Low-Fat Yogurt Consumption Tied to Asthma and Hay Fever Risk in Kids, Says Study

Study links low-fat yogurt in pregnancy to risk of asthma and hay fever in kids.

September 19, 2011, 9:23 AM

Sept. 20, 2011— -- A new study suggests a link between women's eating low-fat yogurt during pregnancy to an increased risk that their children will develop asthma and hay fever.

The research, which will be presented at a meeting of the European Respiratory Society, drew on Danish birth and health records to study the dairy intake of more than 61,000 women and found that the children born to women who ate one or more low-fat fruit yogurts a day were more likely to develop asthma and hay fever than the children of women who didn't eat low-fat yogurt.
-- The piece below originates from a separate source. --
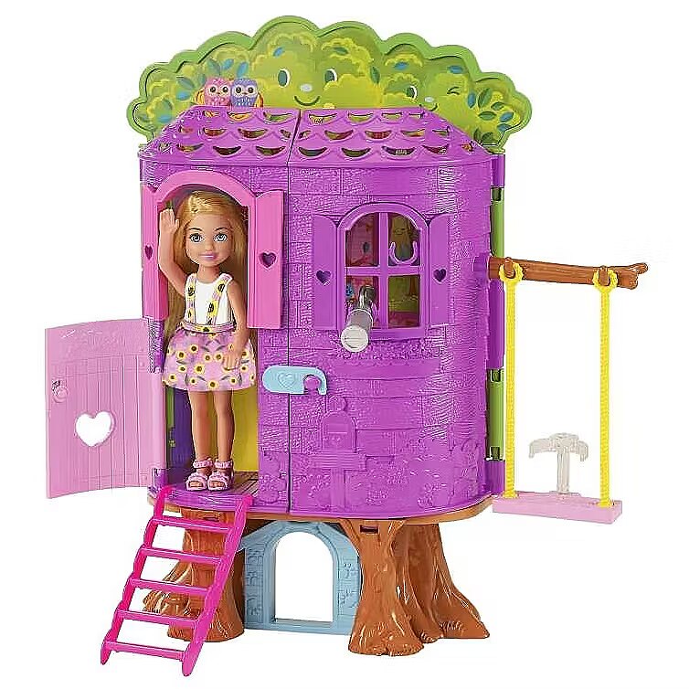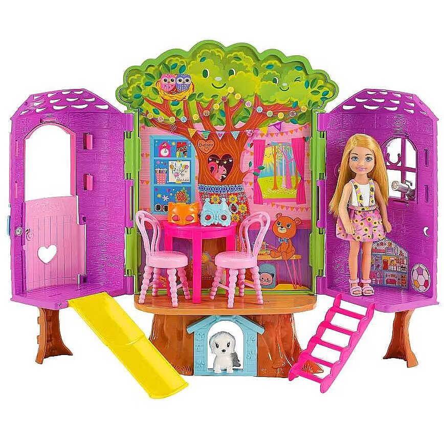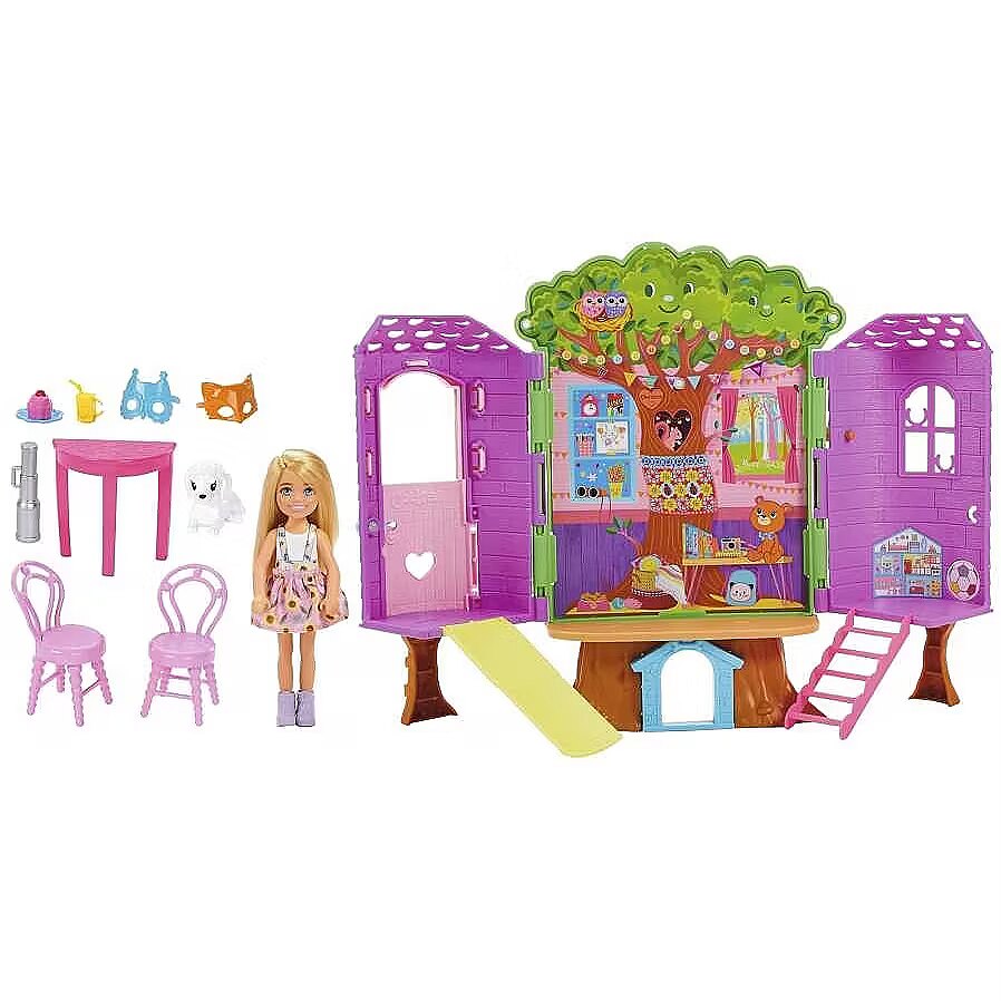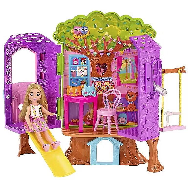 Description - Barbie Chelsea doll and tree house with puppy Children can explore a world full of games and discovery in the treetops with this Barbie Chelsea inspired tree house set. It includes over 10 storytelling elements and five different play elements for the Chelsea character. From creating a fox mask and pretending, to slithering up a tree branch when you reach the ladder, there's plenty of fun waiting for her! The doll cannot stand alone. Colours and decorations can happen. This Barbie treehouse set includes a Chelsea doll, puppy and adorable accessories for lots of imaginative fun! Chelsea doll is ready for a day of fun in a cute dress and floral shoes. Open the swinging door to the treehouse and send her up the ladder to get the adventure started! Open up the sides of the treehouse to reveal multiple play areas, or close it up for easy storage. There's even a puppy kennel in the tree trunk! Colourful storytelling elements add to the fun. Chelsea doll can play on the slide and swing, dress up in animal masks, enjoy a sweet snack and watch the stars through the telescope! Chelsea's sets include cute dolls and adorable details that will make a great gift for children aged 3 and up. Each sold separately, subject to availability.

They also found that children of women who drank whole milk were at lower risk for developing asthma and hay fever than children of women who drank low-fat or skim milk.

Lead researcher Ekaterina Maslova at the Harvard School of Public Health said one reason for the association could be that certain fatty acids present in whole milk could offer a protective effect.

"[Some studies] have suggested that these fatty acids may be important for allergic disease development in humans," Maslova said in an email. Low-fat yogurt may not contain certain fatty acids believed to protect against asthma, she explained.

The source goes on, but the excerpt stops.